Theresa May's confidence vote win only reveals how doomed her Brexit deal is
- Theresa May's confidence vote victory has only revealed the huge scale of the difficulties she faces.
- The prime minister has lost the support of more than a third of her MPs as she attempts to lead a minority government through the most difficult parliamentary process any prime minister has faced for decades.
- It is harder than ever before to see how May gets her Brexit deal through Parliament.
- If the prime minister cannot guide Britain through Brexit, then the end of her premiership and government still looks inevitable.
LONDON - The attempt to oust Theresa May by Conservative MPs may have failed tonight - but this was not a victory for the prime minister.

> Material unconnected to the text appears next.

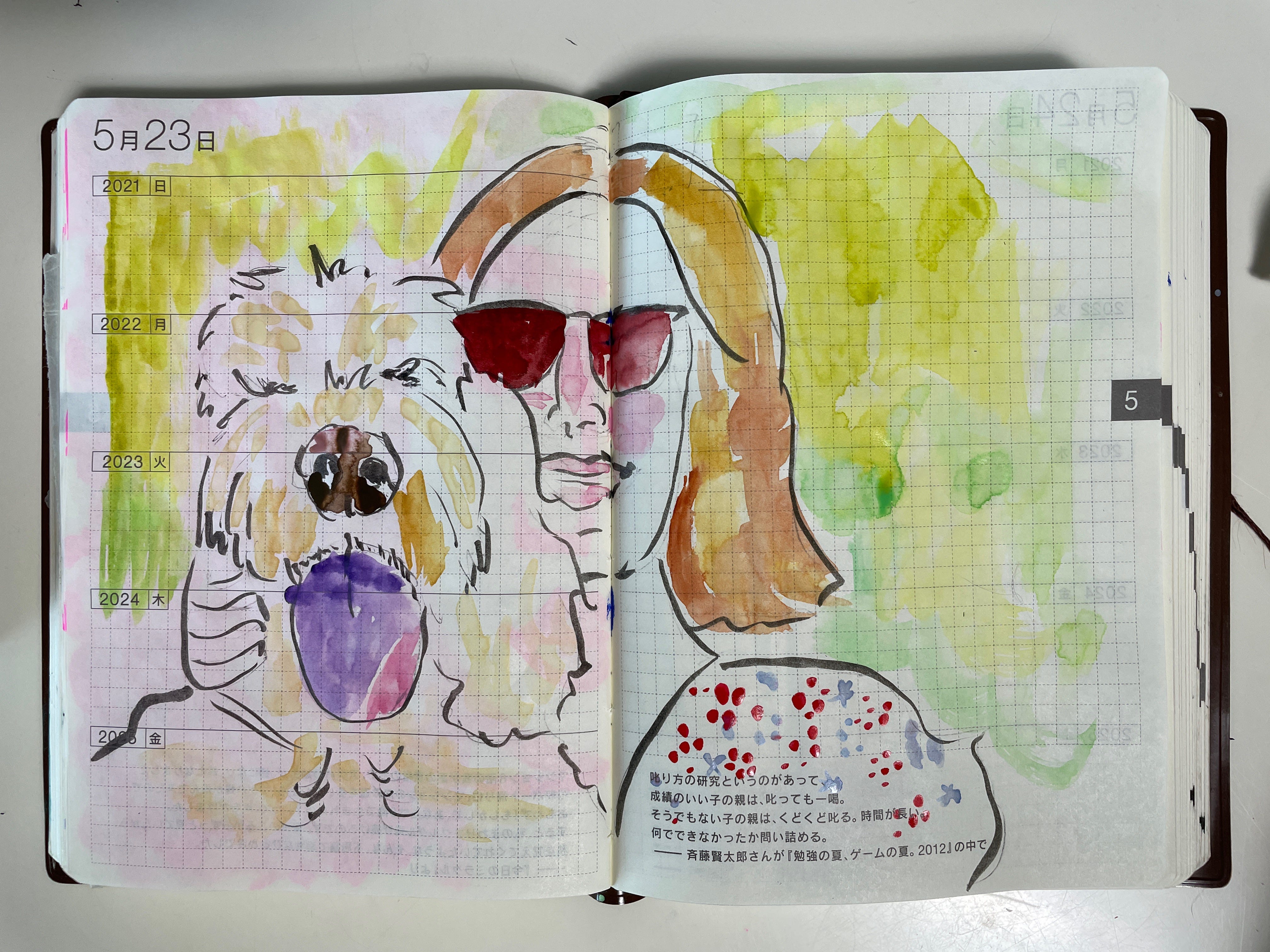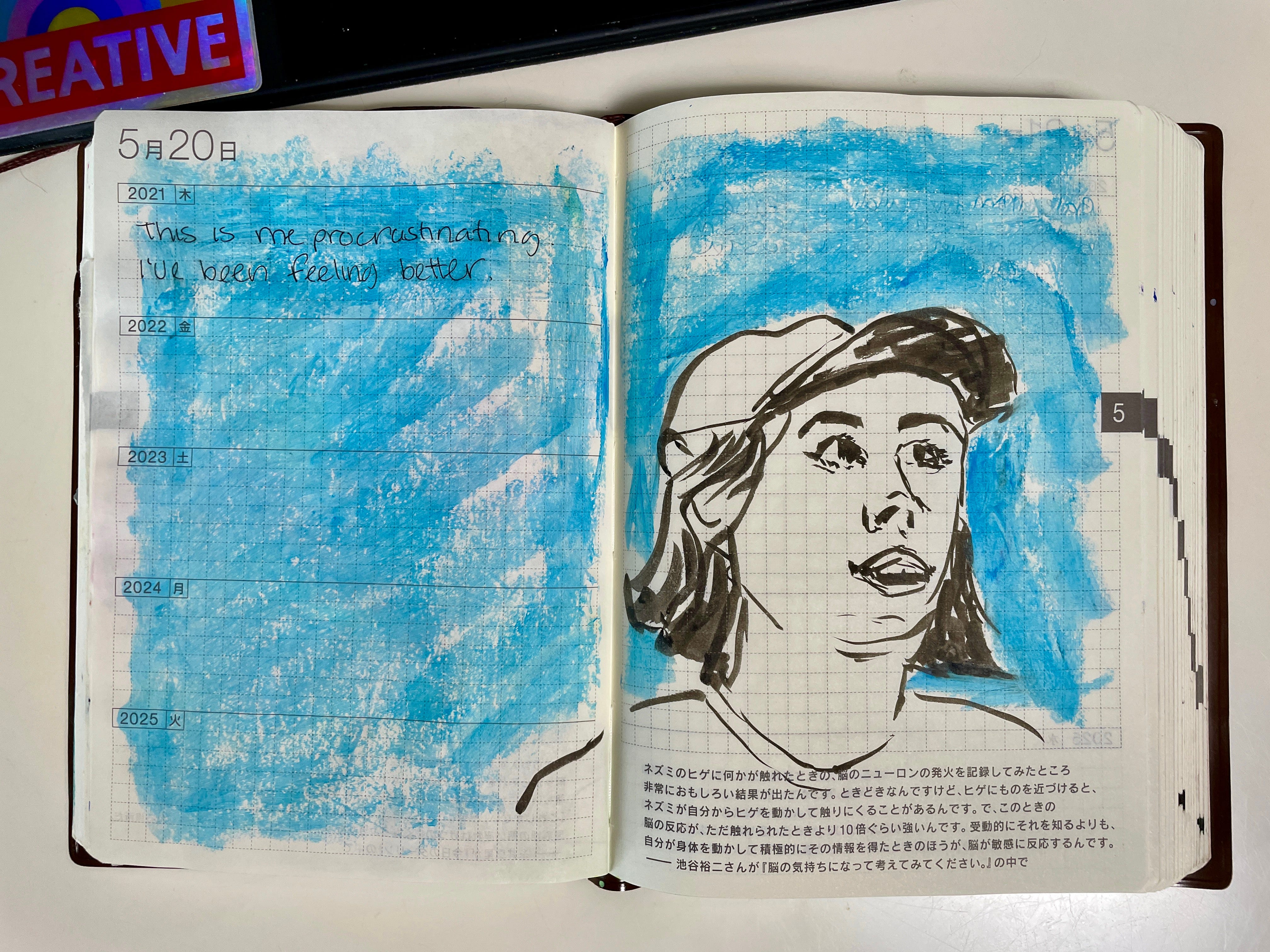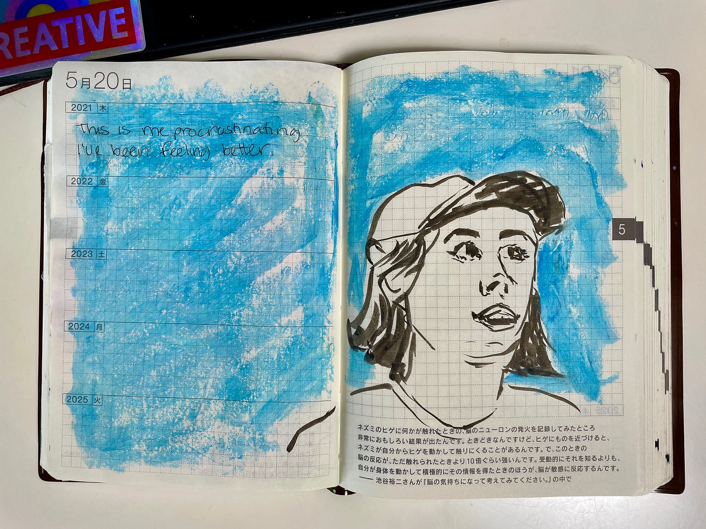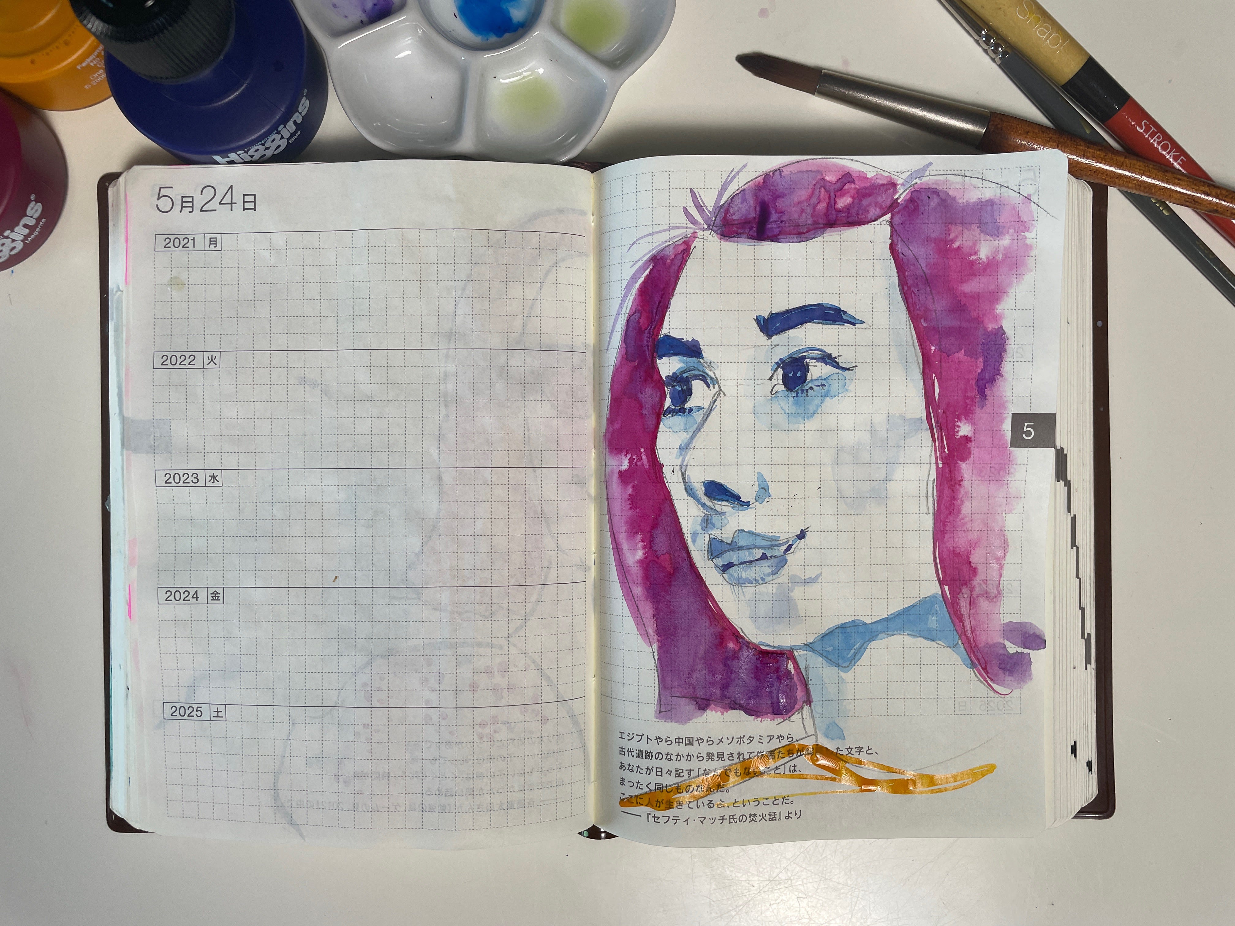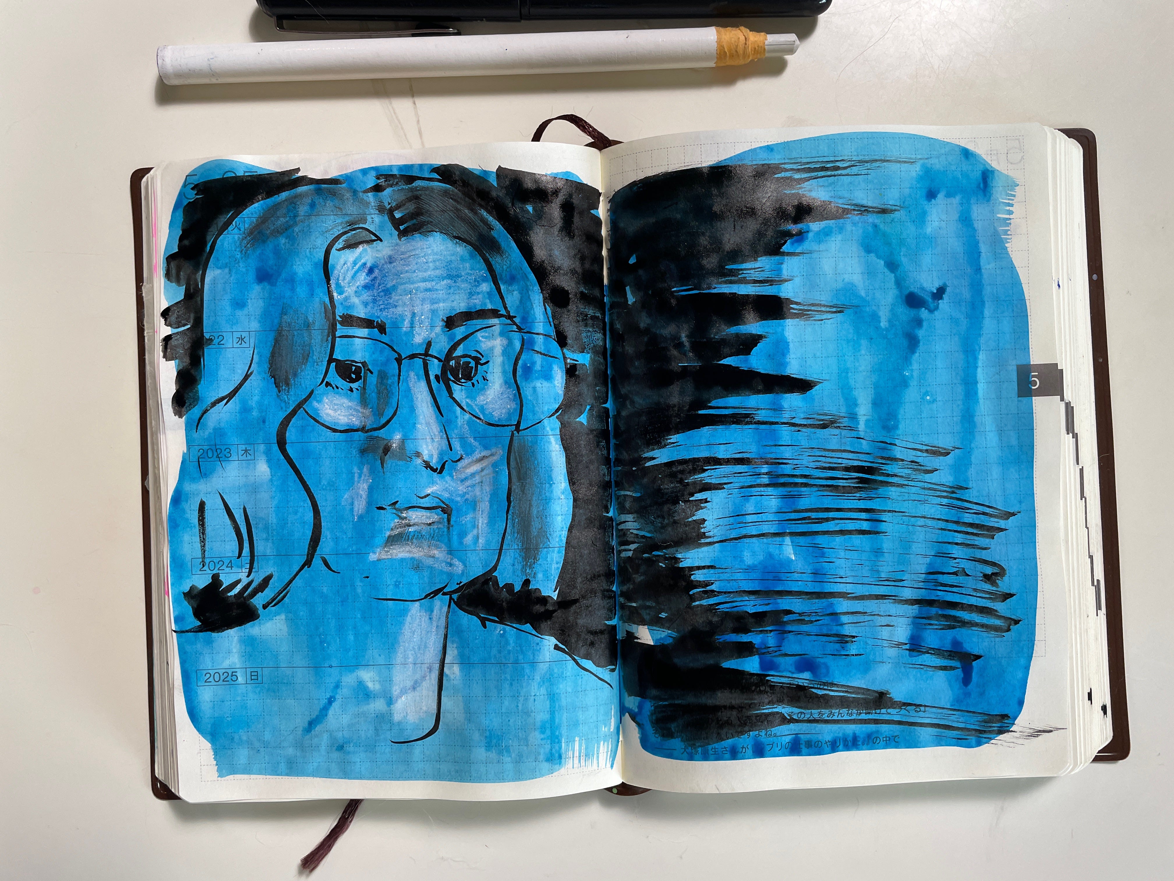 When I was refilling the cartridge for my brush pen yesterday I used today’s self portrait spread to wipe my fingers on and catch the mess. LOL a gift to my future self!

More than a third of Conservative MPs declared their lack of confidence in the prime minister meaning that her chances of getting her Brexit deal and the legislation needed to implement it through Parliament look even more distant than they did before.
On Monday, May was forced to cancel the parliamentary vote on her Withdrawal Agreement due to fears that she would lose by more than 100 votes. Tonight she lost the public support of 117 MPs in her own party alone.
With just seven Conservative MPs required to vote against her deal for it to fail, and with the Democratic Unionist Party still committing to vote it down, the prospect for May's deal look bleaker than ever.
And without the ability to pass that deal, the chances of May's premiership and government surviving until the end of the Brexit process look slim.
It could have been even worse for the prime minister. The result tonight came only after May was forced to declare that she will stand down before the next scheduled general election in 2022.
Yet by making that commitment, May has merely triggered the starting gun on the race to replace her.
When the prime minister returns to talks with the European Union in Brussels on Thursday she will do so as a leader whose days are, by her own admission, now numbered.
And crucially she will do so as a prime minister who has lost the support of both the DUP which props up her minority government and a huge chunk of her own party as well.
When the former prime minister Margaret Thatcher lost the support of 200 of her own MPs she was forced to resign.
Tonight May lost the support of a much bigger percentage of her parliamentary party and she did so at a time when she needed their support in parliament to a much bigger degree than her predecessor.
In both examples the game was up for the prime minister. The only difference is that while Thatcher realised this, May apparently has not.